A review of Lysistrata by Aristophanes

I have a brief tour of Greek drama scheduled, and I put this on the top of the list because I thought it would be a light introduction, and I was quite right. It was brisk, amusing, and ribald, exactly the sort of thing one expects at a festival of Bacchus. The translation was spirited, and worked earnestly to give us not just the meaning but the spirit of the play.

The story is simple. The women of Athens are sick and tired of their husbands being at war with Sparta for so long, and so the lead character, Lysistrata, hatches a scheme with all of the woman of Greece to bring the war to a quick and honorable end. The key part of their strategy is to withhold sex from the men until they sign a peace treaty. They reason shrewdly that it won’t take long for the men to come begging to be readmitted into their marital good graces. The other half of their strategy is to seize the citadel in Athens, locking the men out and depriving them of the money they need to conduct the war. It is impossible not to turn the Citadel into a sexual metaphor, but it also doesn’t do any harm and so there it is.

At first the woman are reluctant to participate in this scheme because they like to get laid as much as anybody, but eventually they come around, and in short order the men areĀ on their way to knuckling under. We have some skirmishes at the Citadel where the soldiery prove themselves exceptionally inept, and the woman amusingly adept, making complete fools of the men. And then we have a nice scene where a soldier comes to see his wife and get a little action, and she teases him into a state of acute distress. It was amusing on the page, but well acted it surely had them rolling in the aisles back in the day.

Eventually some men from Sparta show up with painful erections asking to negotiate a peace, and a group of men from Athens with painful erections are more than happy to comply. Just to ensure their compliance, Lysistrata presides over the negotiations with a naked woman along with her, so the men are basically helpless to do anything but comply. Then the peace is signed, and they have a nice feast, and presumably everyone gets laid that night. The end.

The whole thing is a study in sexual politics, but there’s not much to say about that other than what it is. Men are strong, but idiots. Women are weak but in fact hold great power. And their power is not merely what is between their legs but what is between theirĀ temples. Aristophanes was woke, yo.

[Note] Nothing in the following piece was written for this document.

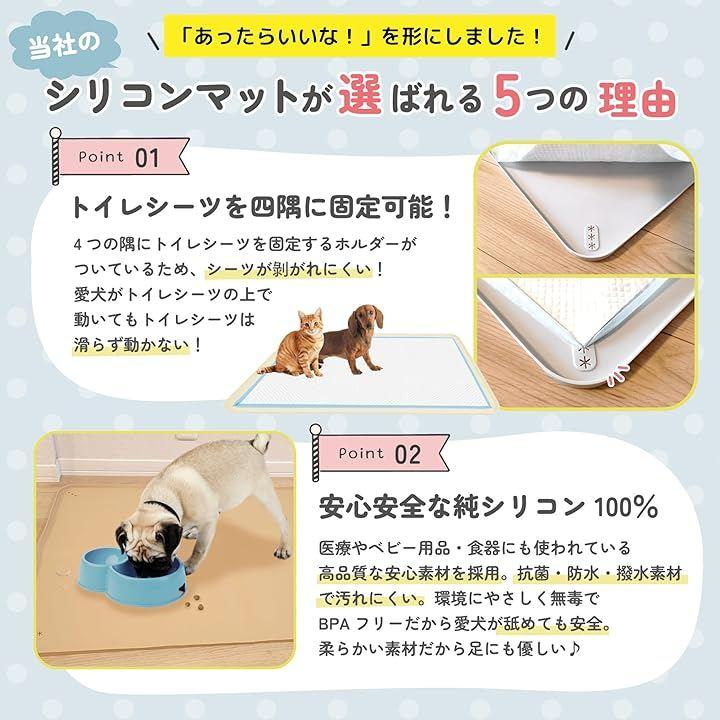 愛犬がトイレシーツの上で動いてもトイレシーツは滑らず動かない。 ポイント(2)安心安全な純シリコン100% 医療現場やベビー用品、食器でも使われている高品質な安心素材を採用。
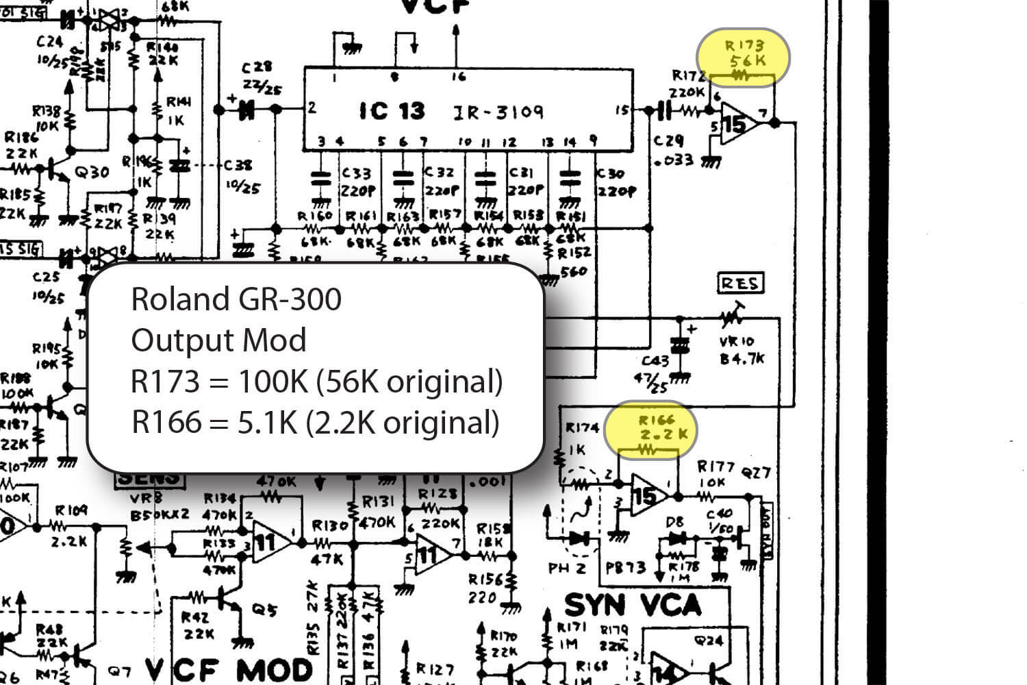 Here is a simple modification to increase the output of the GR-300. This is a simplified version of the ALG output upgrade. Just replace two resistors, found in the negative feedback loops of the final output stages of the GR-300. Changing R173 from 56K to 100K provides a stronger signal to the VCA, and changing R166 from 2.2K to 5.1K adds more level to the final output stage.

I read the translation by Douglass Parker, which was pretty amusing. I gather that the Spartans were seen by the Athenians as sort of backwoods hicks, and Parker renders this idea by making them all speak like Appalachian hillbillies. At first it was distracting and weird, but overall it works pretty well. So when the leader from Sparta says, Hit shorely is. Hain’t nothing to argue after. Let’s git dressed, one hardly even notices. He (or the editor) was also a terrible pedant, and so many of the footnotes are focused on different fights within academia regarding this misunderstood point or that mistranslated passage, and none of them had any bearing on the play, but I read them just for the entertainment value.

I would like to see a production of this if I get the chance, but regardless it was a perfect introduction to Greek drama. Next up is The Bacchae by Euripides, which I’m hoping is just as entertaining. And then we’re on to the Theban plays by Sophocles, which will no doubt be a barrel of belly laughs.